Émerge, dans ce sillage, un vaste complexe-productiviste public-privé chargé d'inciter à la réorganisation des entreprises. Robert Boyer définit le rapport salarial fordiste par la conjonction de deux éléments. D'un côté, au niveau local de l'atelier, il est fondé sur une organisation du travail « qui, partant du taylorisme, pousse encore la parcellisation des tâches, la mécanisation des processus productifs et une séparation complète entre conception et exécution ». De l'autre, il institue « la garantie d'un partage des gains de productivité »161. Comment l'État planificateur a-t-il

contribué à sa mise en place, au-delà de son travail symbolique et politique de conversion du patronat à l'investissement ?

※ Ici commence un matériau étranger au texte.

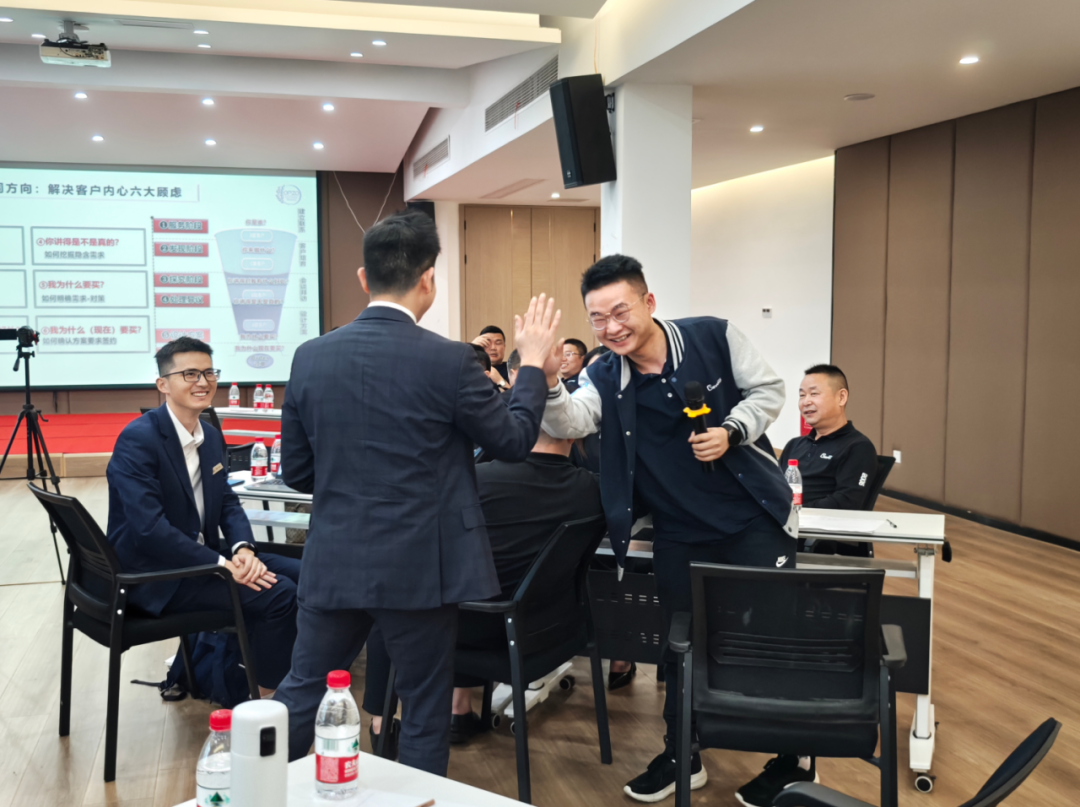 培訓老師風趣幽默的講了金牌銷售的成長體系,現場氣氛活躍,小伙伴們熱情高漲,紛紛認真記錄拍照,根據培訓內容,進行平時銷售流程中實際問題的討論。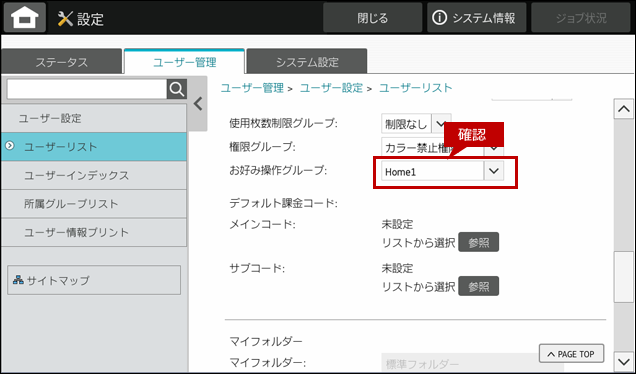 ログイン / ユーザー / ホーム画面 / マイフォルダー / お好み操作 / システム設定 / ユーザー管理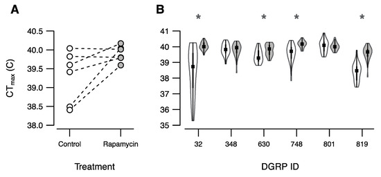 The aim of the current study was to investigate the effect of rapamycin treatment on three fitness components: the upper thermal limit (CTmax) in males, fecundity (number of eggs mated females produced) and male longevity. The DGRP-line average for CTmax of flies exposed to the control treatment ranged from 38.4–40.0 °C, whereas the range of values for flies exposed to rapamycin was 39.6–40.2 °C (Figure 1A). We found a strong and significant genotype-by-treatment interaction (p-value = ), and a significant overall treatment effect (p-value = 0.031). Treatment with rapamycin significantly increased CTmax in four of the six DGRP lines investigated (Figure 1B), and interestingly, the range of CTmax values for the rapamycin treated flies were much narrower than the CTmax of the control flies.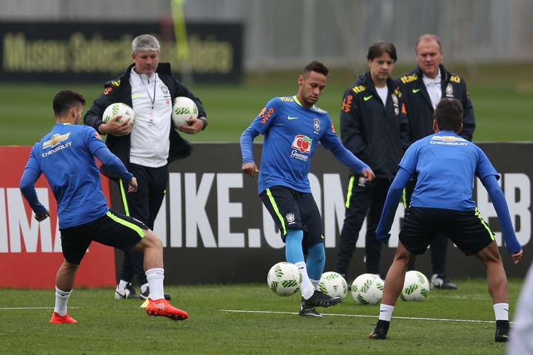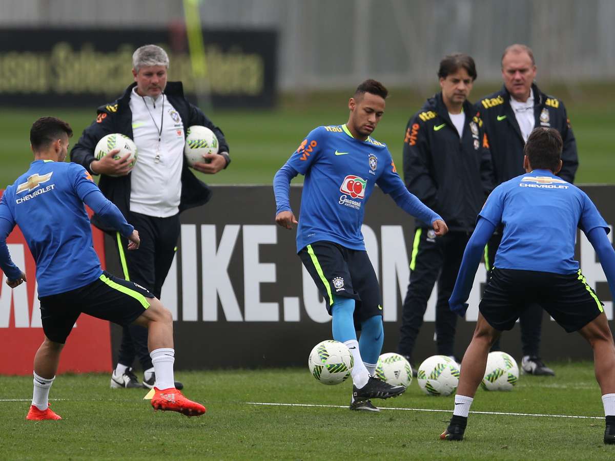 Também arriscou algumas cobranças de falta, próximas à area e sem barreira. Nessas jogadas, os goleiros tiveram um pouco mais de sorte. Enquanto 'abusava' dos reservas, Neymar era observado à distância pelo titular da posição, Fernando Prass, um dos três do grupo com mais de 23 anos, assim como o craque do Barcelona. O outro mais velho é Renato Augusto, que não se apresentou ainda em Teresópolis.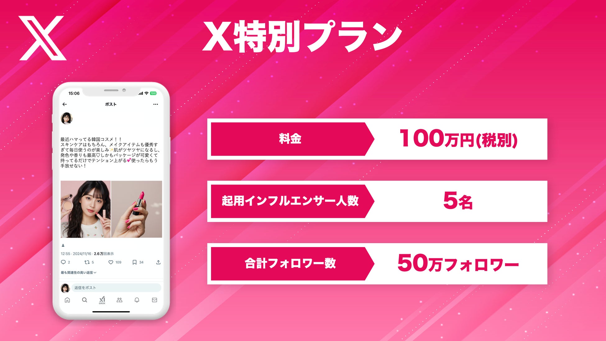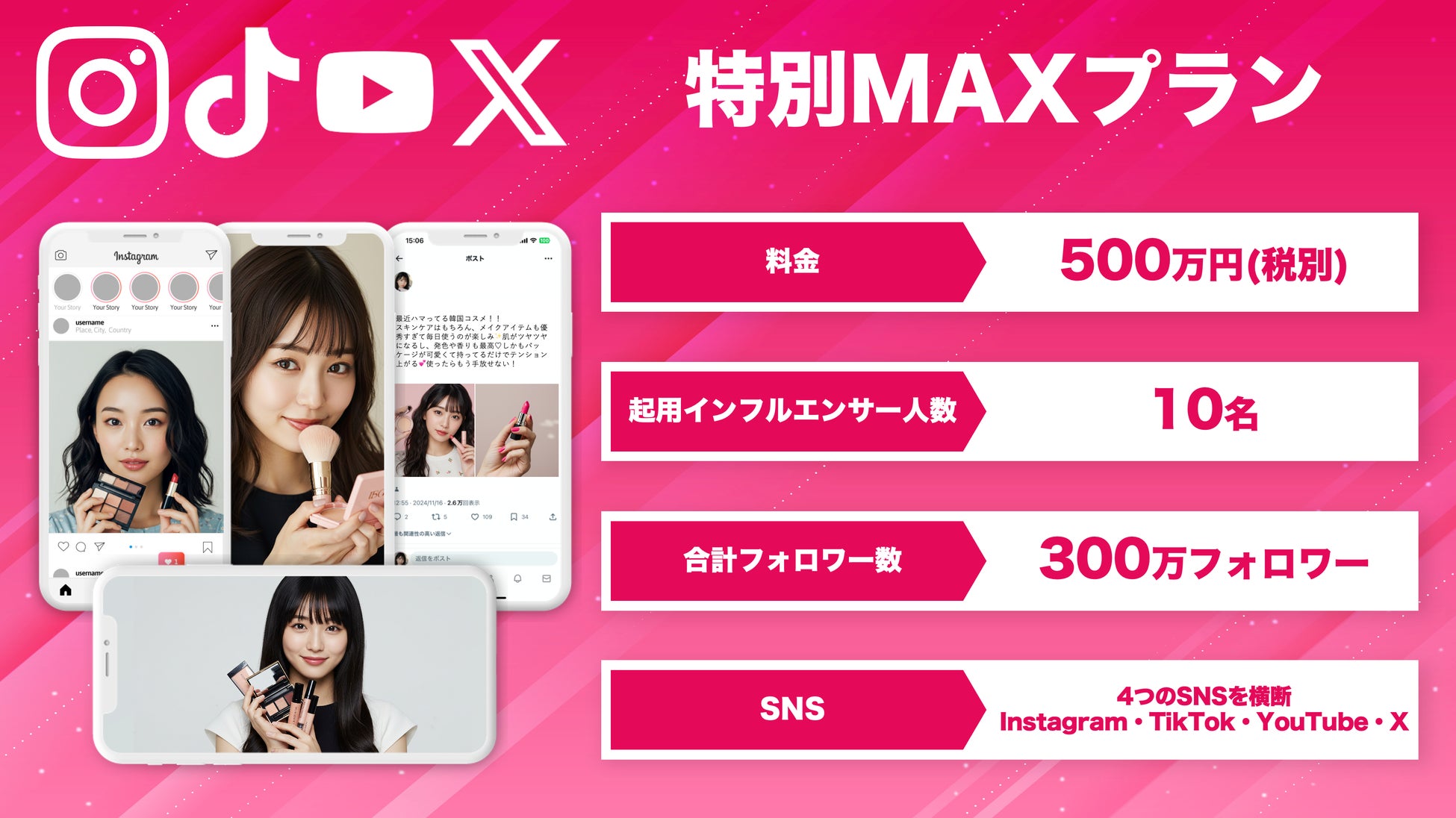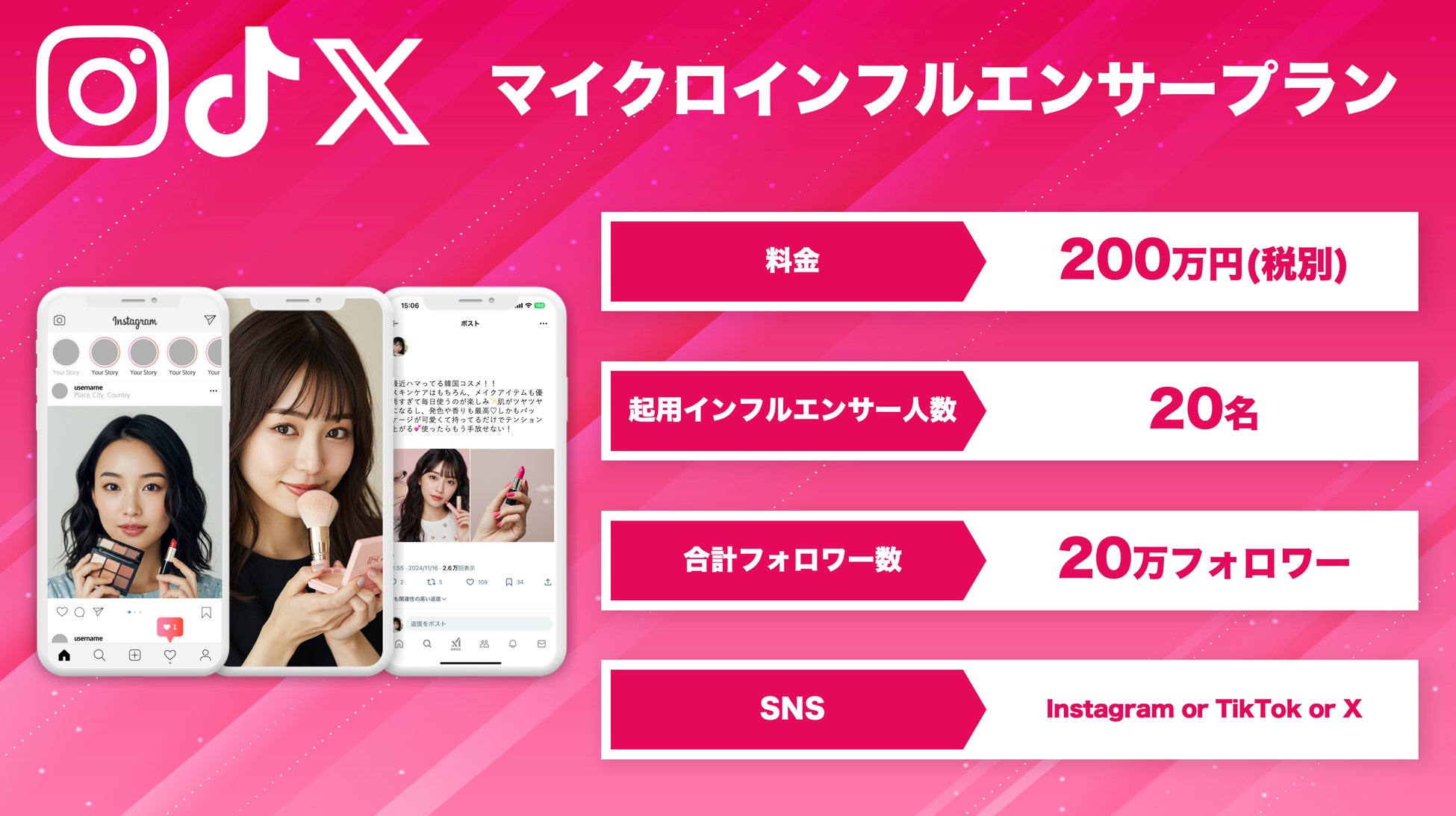 韓国コスメインフルエンサーマーケティングメニューの開始に際して、特別プランを提供します。

L'historien Régis Boulat rappelle qu'avant la Seconde Guerre mondiale, la notion de productivité

est à peu près inconnue, sauf parmi quelques spécialistes de l’organisation scientifique du travail et,

en réalité, quelques marxistes : elle ne sort pas « du cadre limité de l’usine162 ». À la fin des années

1940, ce concept qui semblait purement technique s'impose pourtant comme grille de lecture générale de la société française. L'idée même de partage des « gains de productivité » ou de la « valeur ajoutée » implique en réalité une petite révolution symbolique. Elle est indissociable d'une transformation sociale des manières de percevoir le travail, ancrée dans des technologies de mesure, et dont nous ne comprenons plus l'ampleur tant elle fait désormais partie de l'air que nous respirons. Elle trouve pourtant son origine dans un mode de pensée historiquement déterminé et dont il est possible de faire la généalogie.

Nous chercherons en premier lieu à replacer l'émergence de la mesure de la productivité et son lien avec le Plan et la comptabilité nationale dans le contexte social et politique des années 1940, et à donner une définition précise du productivisme. En nous basant sur les travaux de Régis Boulat, nous étudierons ensuite la constitution en France, en vue d'organiser une vaste campagne de promotion du rendement du travail, du complexe productiviste public-privé. L'objectif sera de mettre en évidence son rôle dans l'envoi de « missions de productivité » aux États-Unis et, en conséquence, la place de l'État planificateur dans l'« importation » du management en France. Enfin, nous nous intéresserons à l'une des premières traductions de cet état d'esprit nouveau dans le champ politique : l'alliance des comptables nationaux avec Pierre Mendès-France au début des années 1950, en vue de la promotion de la croissance de la production nationale et du « compromis » fordiste.

161 R. BOYER, « Du fordisme canonique à une multiplicité de modes de développement », op. cit., p. 370‑371. 162 Régis BOULAT, « La productivité et sa mesure en France (1944-1955) », Histoire & mesure, 2006, XXI, no 1.